Repeat exactly the lines of the material below that run from the "Make your appearance" line to the "2、打开游戏目录,双击NeonAbyss.exe文件开始运行游戏;" line, including both, and do not carry over any pictures.

Exercise input:
= Beginning of Section =
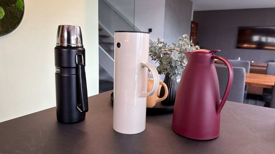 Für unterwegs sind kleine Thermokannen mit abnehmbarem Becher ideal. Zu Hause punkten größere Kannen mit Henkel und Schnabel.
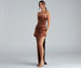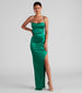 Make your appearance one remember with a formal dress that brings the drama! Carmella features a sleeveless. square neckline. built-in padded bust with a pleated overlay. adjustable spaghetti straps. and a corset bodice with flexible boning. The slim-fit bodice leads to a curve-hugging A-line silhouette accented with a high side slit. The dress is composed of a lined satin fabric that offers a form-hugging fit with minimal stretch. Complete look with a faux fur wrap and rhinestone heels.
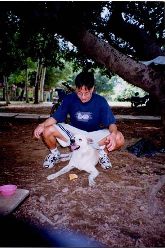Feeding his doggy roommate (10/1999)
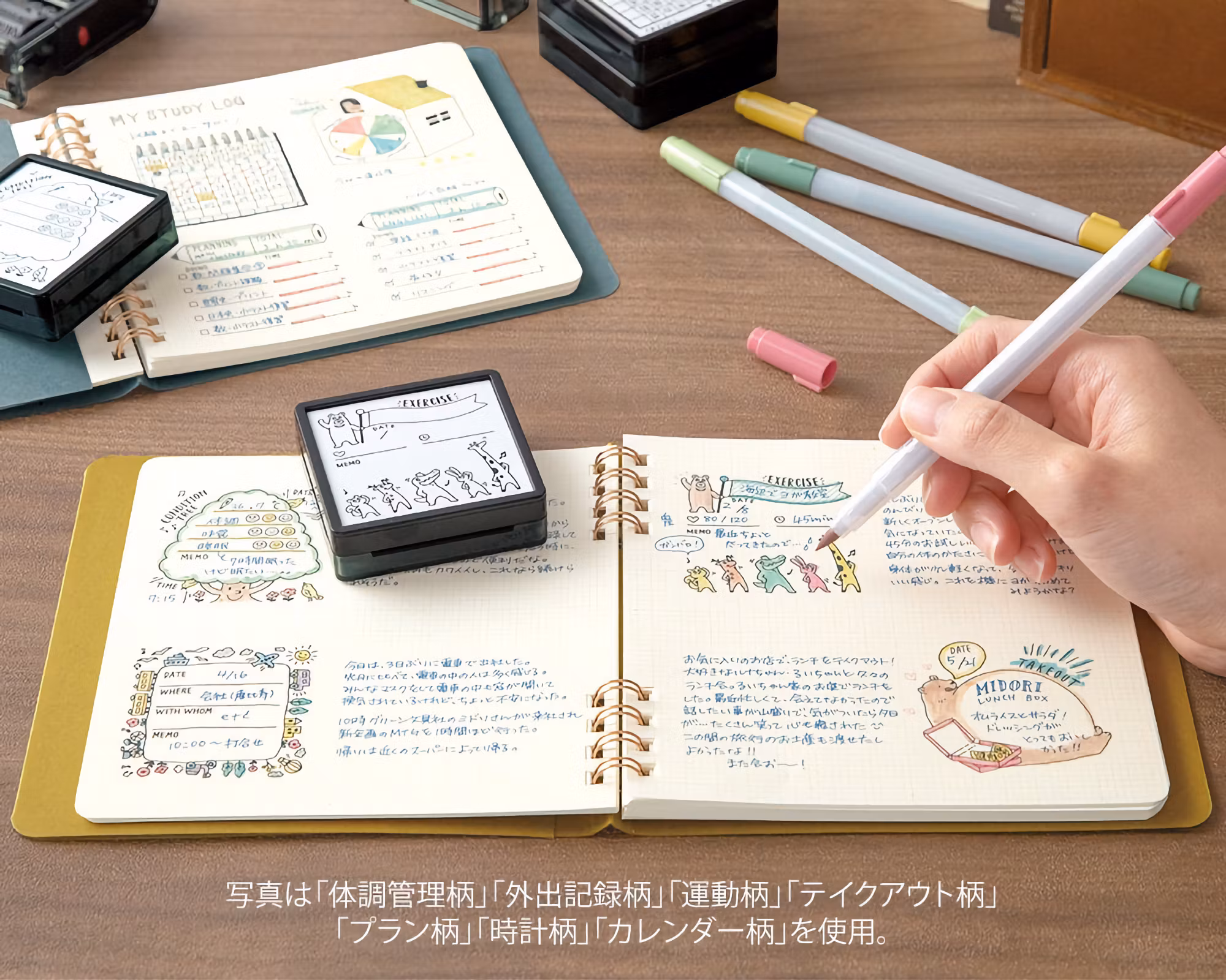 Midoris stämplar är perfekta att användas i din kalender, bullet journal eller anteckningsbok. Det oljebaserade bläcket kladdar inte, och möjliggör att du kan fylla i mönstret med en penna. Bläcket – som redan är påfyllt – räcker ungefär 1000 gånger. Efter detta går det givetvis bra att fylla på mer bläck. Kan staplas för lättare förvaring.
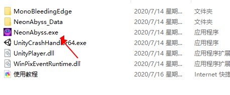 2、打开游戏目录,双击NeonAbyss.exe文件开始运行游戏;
= End of Section =
= Beginning of Section =
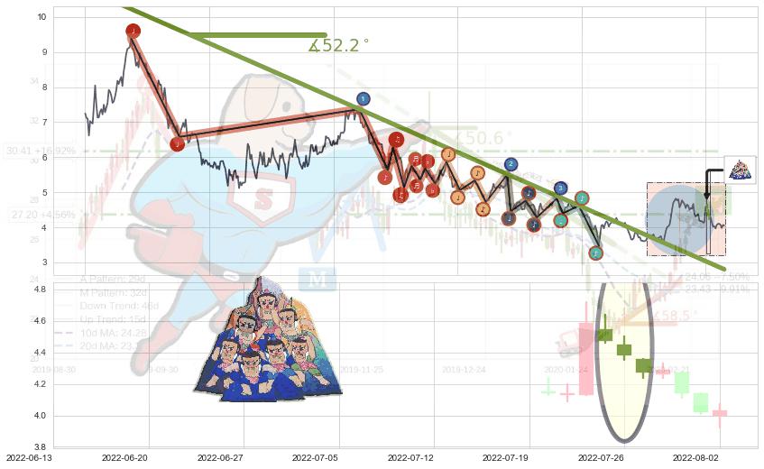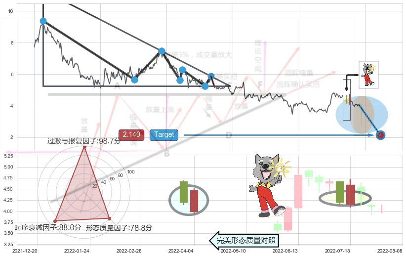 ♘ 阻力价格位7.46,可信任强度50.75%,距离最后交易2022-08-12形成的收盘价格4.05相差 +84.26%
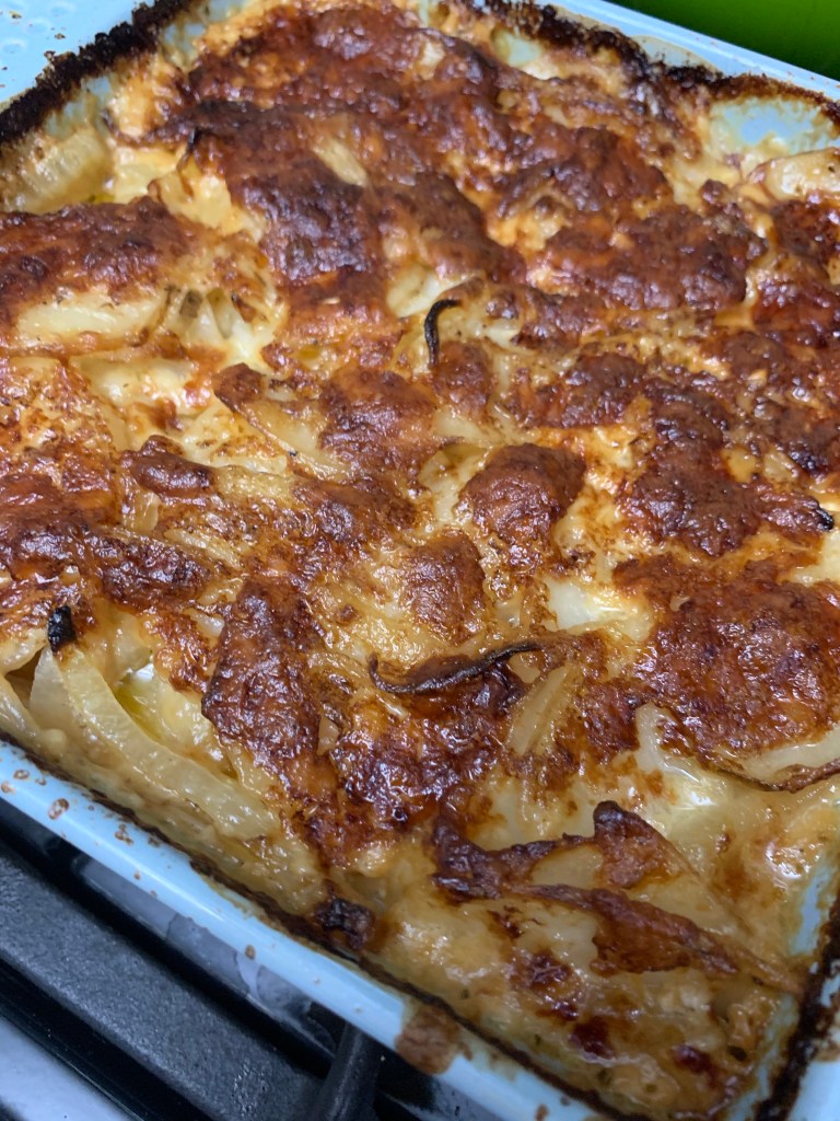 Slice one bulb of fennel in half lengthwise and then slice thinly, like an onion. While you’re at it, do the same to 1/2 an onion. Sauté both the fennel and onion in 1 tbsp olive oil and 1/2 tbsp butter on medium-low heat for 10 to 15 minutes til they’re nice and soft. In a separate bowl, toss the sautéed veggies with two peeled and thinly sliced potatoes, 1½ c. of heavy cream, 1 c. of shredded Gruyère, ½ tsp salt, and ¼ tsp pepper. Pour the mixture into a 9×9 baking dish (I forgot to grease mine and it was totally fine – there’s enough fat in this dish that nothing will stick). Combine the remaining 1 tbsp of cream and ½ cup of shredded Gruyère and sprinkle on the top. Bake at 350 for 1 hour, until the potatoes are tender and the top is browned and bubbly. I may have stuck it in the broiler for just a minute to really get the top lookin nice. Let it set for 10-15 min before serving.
= End of Section =
Answer box:
 Make your appearance one remember with a formal dress that brings the drama! Carmella features a sleeveless. square neckline. built-in padded bust with a pleated overlay. adjustable spaghetti straps. and a corset bodice with flexible boning. The slim-fit bodice leads to a curve-hugging A-line silhouette accented with a high side slit. The dress is composed of a lined satin fabric that offers a form-hugging fit with minimal stretch. Complete look with a faux fur wrap and rhinestone heels.
Feeding his doggy roommate (10/1999)
 Midoris stämplar är perfekta att användas i din kalender, bullet journal eller anteckningsbok. Det oljebaserade bläcket kladdar inte, och möjliggör att du kan fylla i mönstret med en penna. Bläcket – som redan är påfyllt – räcker ungefär 1000 gånger. Efter detta går det givetvis bra att fylla på mer bläck. Kan staplas för lättare förvaring.
 2、打开游戏目录,双击NeonAbyss.exe文件开始运行游戏;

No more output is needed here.